Baba: Toast, sweetie?

Lil’ peanut: No, bagel!

B: Okay, fine: bagel. You could be more gracious about it.  

Lil’ p: No, toast!  

B: Great: toast it is.  Cream cheese on it?

Lil’ p: No, butter!

B: Have it your way, butter. But just for today, and that’s my final offer.

Lil’ p: No, ceem chi chi [the closest he gets to “cream cheese.”]

B:  Whatever. Jam?

Lil’ p: No jam!  

B: Fine! Eighty six the jam!  

Lil’ p: No, I want jam!

B: Aaaaaaaaaaaaargh!

And then we switch positions and start all over.

Imagine a pinball ricocheting all over the innards of a pinball machine.  My son’s stream of consciousness being the pinball, and my poor, menopausal, under-slept, forty-something parental self being the pock-marked pinball machine innards.

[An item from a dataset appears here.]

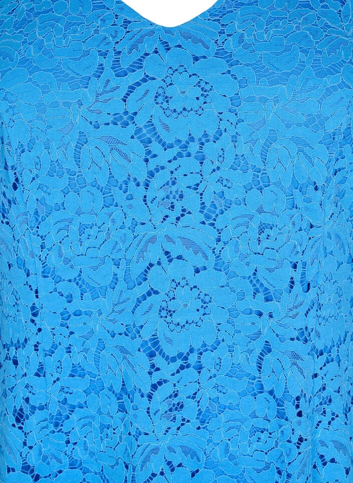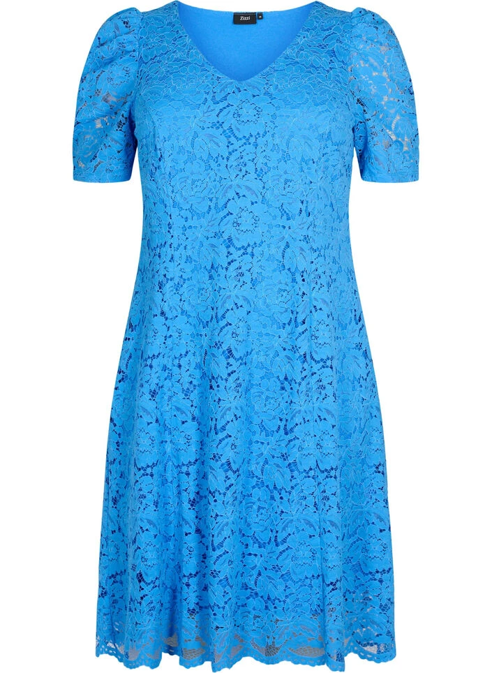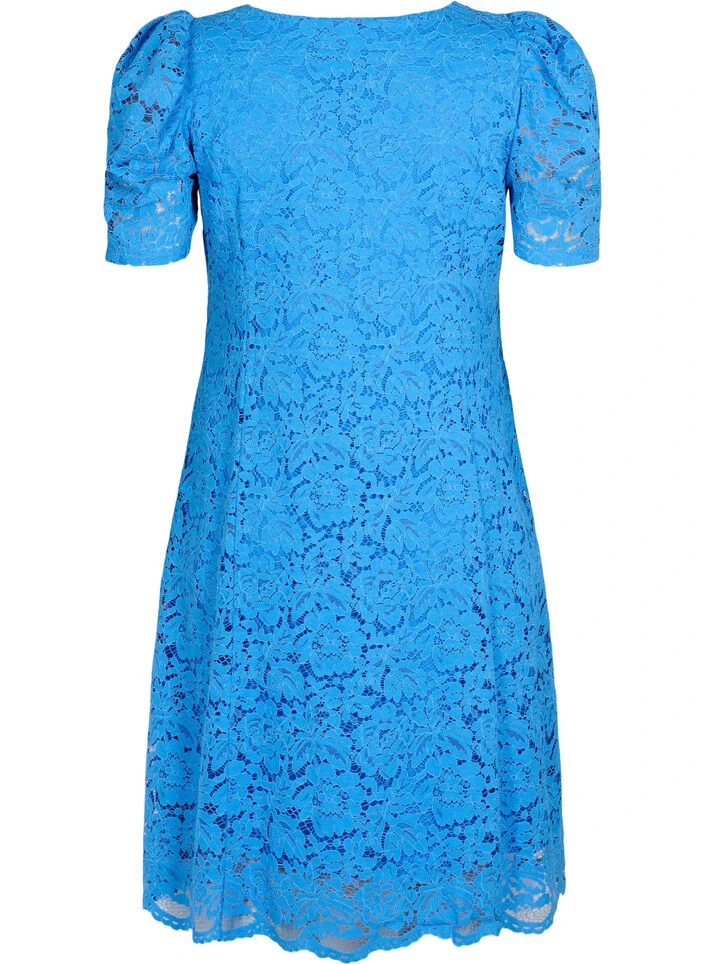 Beautiful and elegant lace dress with v-neckline and fine, short puff sleeves. The dress has a feminine a-cut, which falls nicely.

(Why not just cram porridge down his ungrateful little maw and be done with it, you ask? Easier said than done, is all I can say.  Why not tell him: “It’s my way or the highway, bub! You don’t like what we got at this restaurant, find yourself another restaurant, or better yet, starve!” To which I say: why weren’t you there helping me with these bright ideas when I needed them?! I just get worn down and sucked into it and I’m like some dang yokum dupe at a New York City sidewalk hustler’s shell and pea game ’til five minutes into it, at which point I go “Daggone it he’s done it again!” Or some such.)

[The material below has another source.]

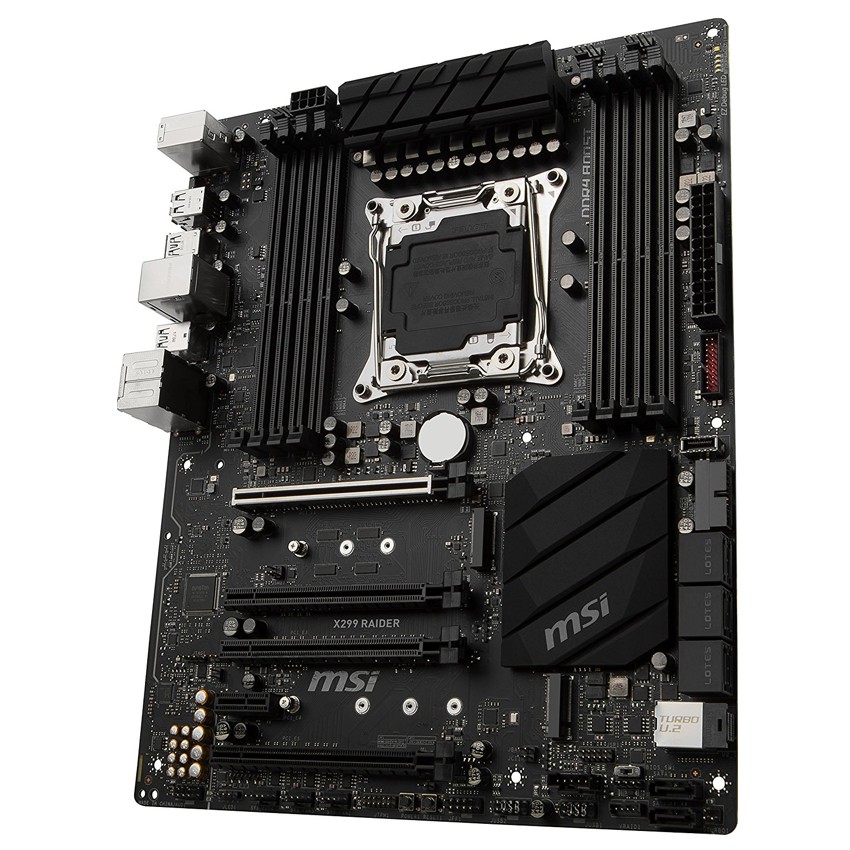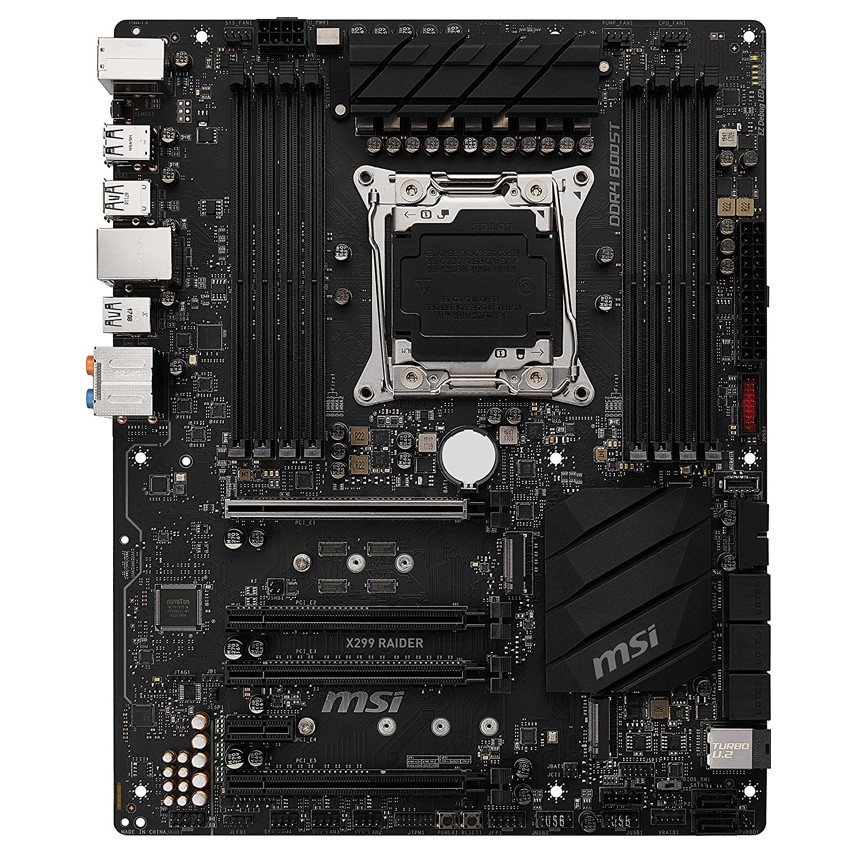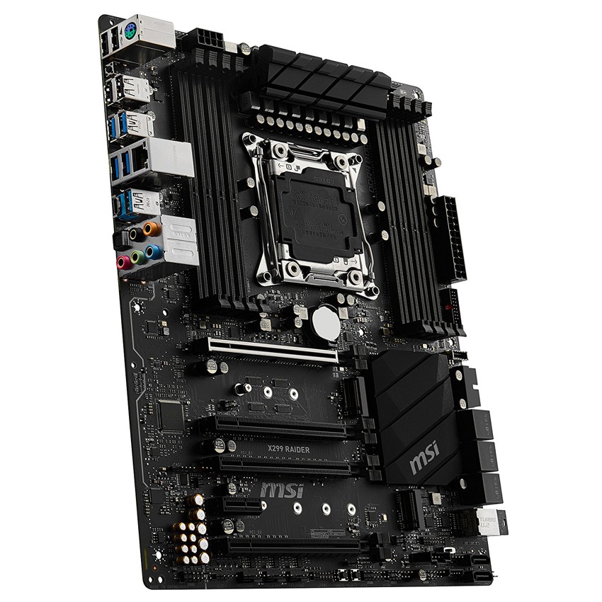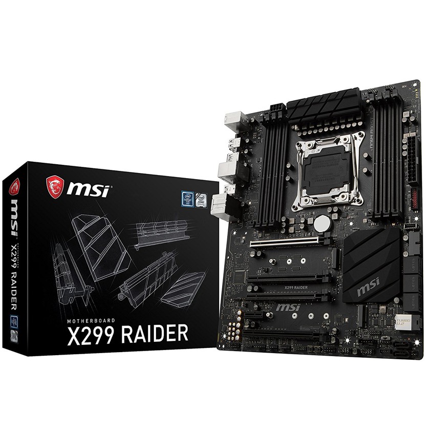 Descripción MSI X299 RAIDER. tipos de memoria compatibles: DDR4-SDRAM, Tipo de ranuras de memoria: DIMM, Velocidades de reloj de memoria soportadas: 2133,2400,2667,2800,2933,3000,3200,3333,3400,3466,3600,3733,3800,3866,4000,4133,4200,4266,4400,4500 MHz. Familia de procesador: Intel, Procesador compatible: Core i7,Core i7 Extreme Edition, Socket de procesador: LGA 2066. Controlador LAN: Intel I219-V, Tipo de interfaz ethernet: Gigabit Ethernet. Componente para: PC, Familia de componentes de tarjeta madre: Intel, Circuito integrado de tarjeta madre: Intel X299. Soporte para proceso paralelo: 2-Way SLI,CrossFire

If I hadn’t lived through hurricane toddler before, I’d be face down on the boxing ring mat around about now, his tiny foot would be on my back, his inky dinky fists raised in triumph. Instead, nowadays I am upright, if on the ropes, with a shred of my dignity intact.

I brokered a deal and made a halvesies toast, all the while delivering a lecture about the value of compromise.  I hovered the plate just outside of his arm’s reach while I reminded him that I might have been willing to strike a bargain this time, but what I hope to encourage him to do is to take what is given with gratitude, like a good proto-Buddhist. (Not that he’s practicing, but whatever. It doesn’t hurt to lay the foundation early.) 

Any of it sink in? Ask me in another ten, twenty years, when I feel hopeful I might begin to see signs that they’ve internalized the positive example I daily strive to show them.  ‘Til then, I tend to think it’s all “Ginger! blah blah blah blah Ginger! blah blah blah.” (eh? thanks to Gary Larson)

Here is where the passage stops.